# REQUIRED ACTION:
Retype every line from the one containing "Попытки подражания и" through the last line of the records below, both included; leave out the pictures.

# Collected data:
· · · · · · ·
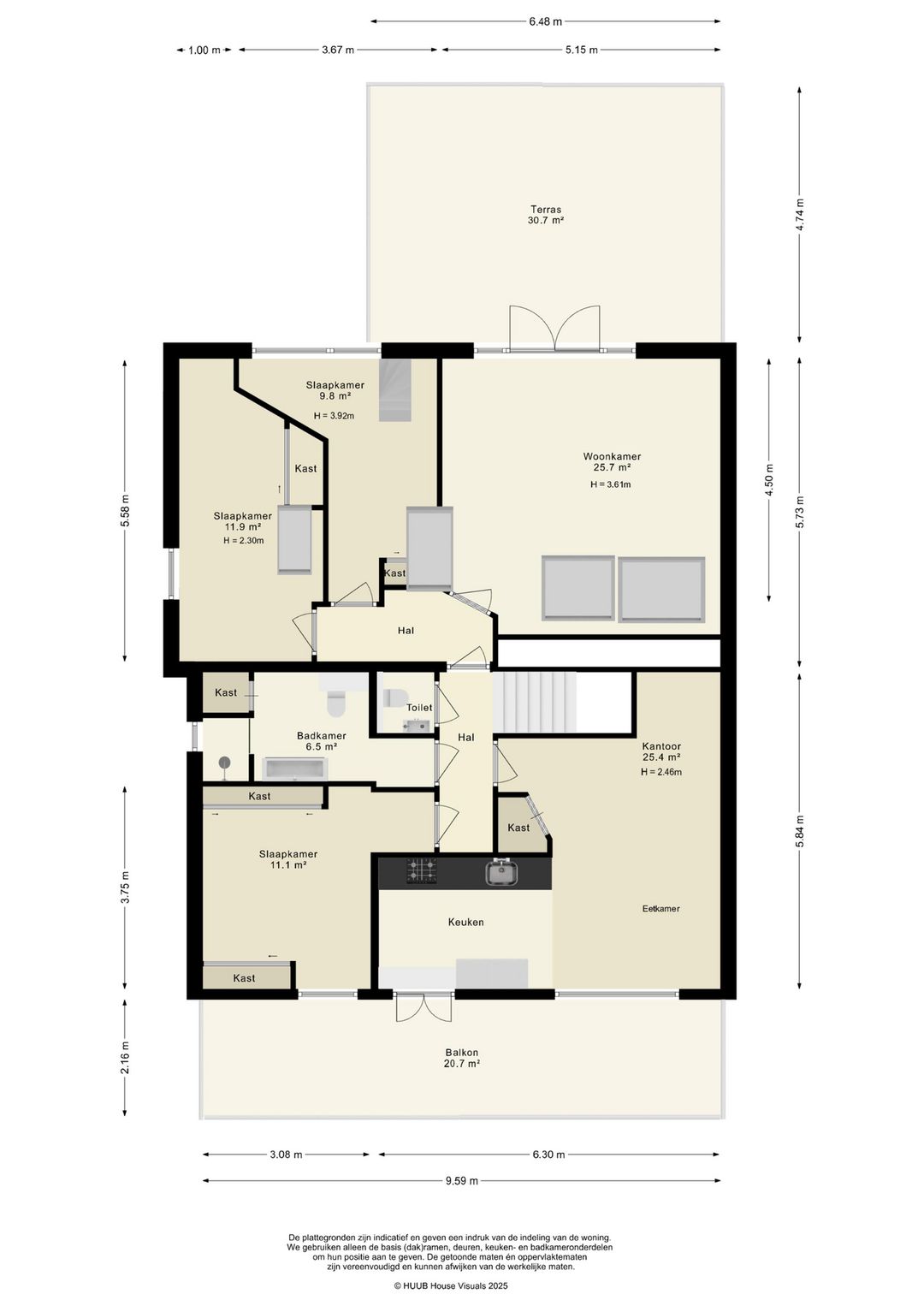 - Royale bovenwoning van 112 m² met balkon en dakterras;
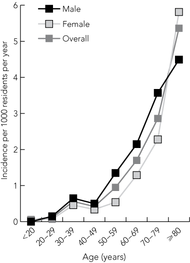 There was only one case of VTE among patients aged < 20 years; in this age group, the annual incidence was 0.03 (95% CI, 0–0.09) per 1000 residents. Among patients aged ≥ 80 years, the annual incidence was 5.36 (95% CI, 3.59–7.13) per 1000 residents (Box 3).
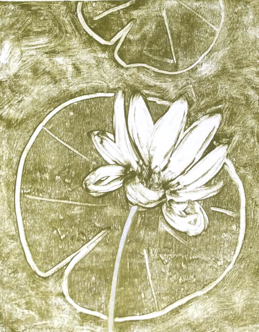 Green Waterlily 1, monoprint, 10" x 7.75"
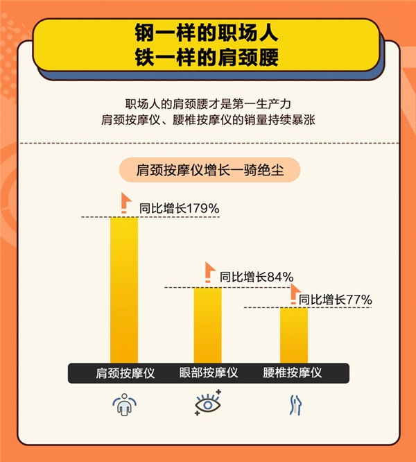 什么值得買數據顯示,2020年“雙11”期間,肩頸按摩儀銷量同比增長179%,眼部按摩儀增長84%,腰椎按摩儀增長77%。
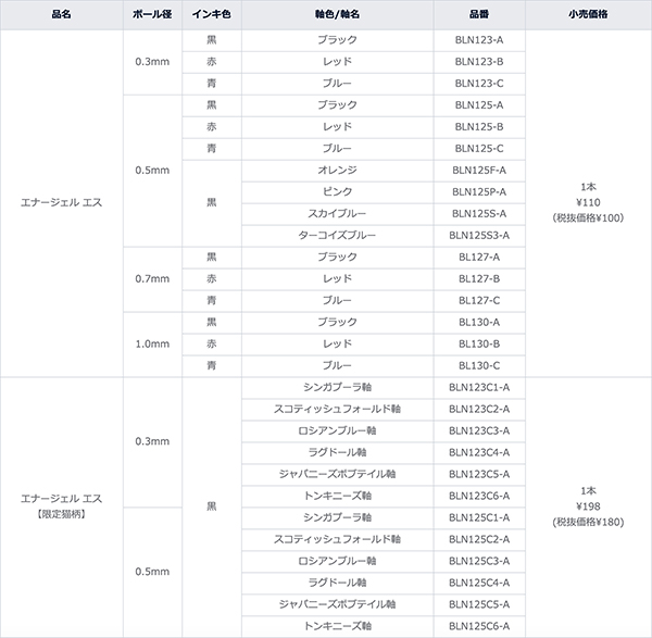 ぺんてる株式会社は、10月6日、同社のゲルインキボールペン「エナージェル」シリーズより、シンプルな中にもデザイン性を追求した「エナージェル エス」ベーシックモデルと、6種の猫をデザインに落とし込んだ「エナージェル エス 限定ねこ柄」を発売すると発表した。
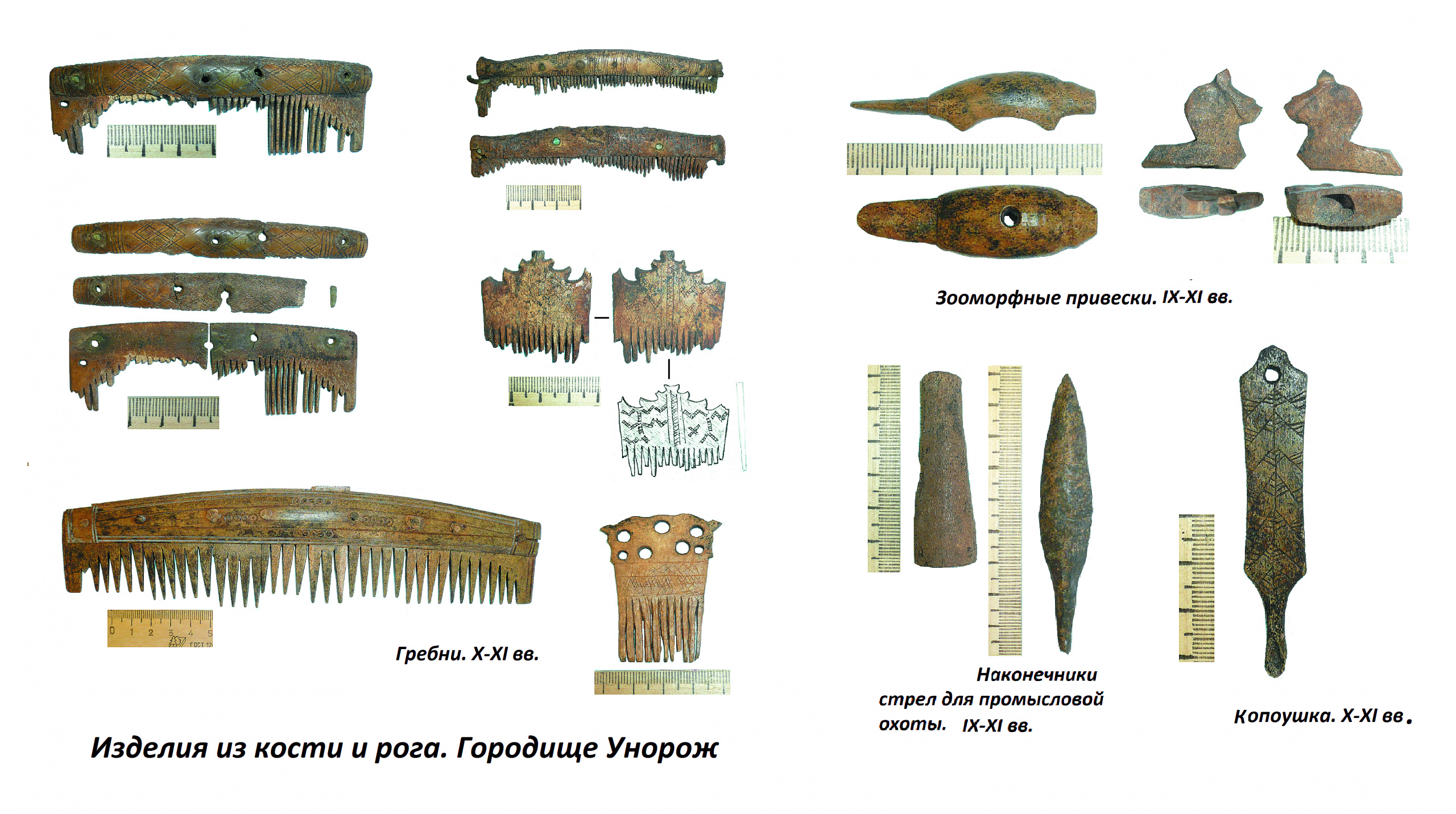 Попытки подражания и воспроизведения этих предметов видны на примере изготовления гребней из лосиного рога, в основе имеющие образцы из Прикамья. Унорож – главный центр ювелирного промысла на территории Костромского Поволжья в эпоху раннего Средневековья. В результате торговли металлические украшения распространялись далеко за его пределы.
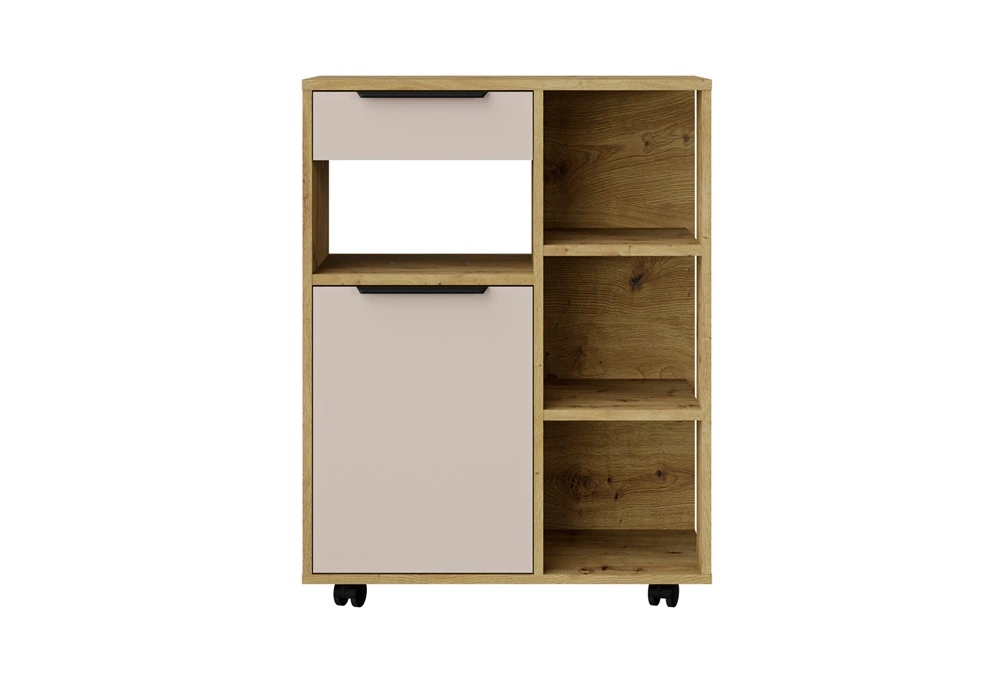 Zestaw mebli kuchennych Soela 270 cm dąb artisan / beżowy zestaw z szafką na kółkach idealne do aranżacji małego aneksu kuchennego
· · · · · · ·
# SOLUTION:
 Попытки подражания и воспроизведения этих предметов видны на примере изготовления гребней из лосиного рога, в основе имеющие образцы из Прикамья. Унорож – главный центр ювелирного промысла на территории Костромского Поволжья в эпоху раннего Средневековья. В результате торговли металлические украшения распространялись далеко за его пределы.
 Zestaw mebli kuchennych Soela 270 cm dąb artisan / beżowy zestaw z szafką na kółkach idealne do aranżacji małego aneksu kuchennego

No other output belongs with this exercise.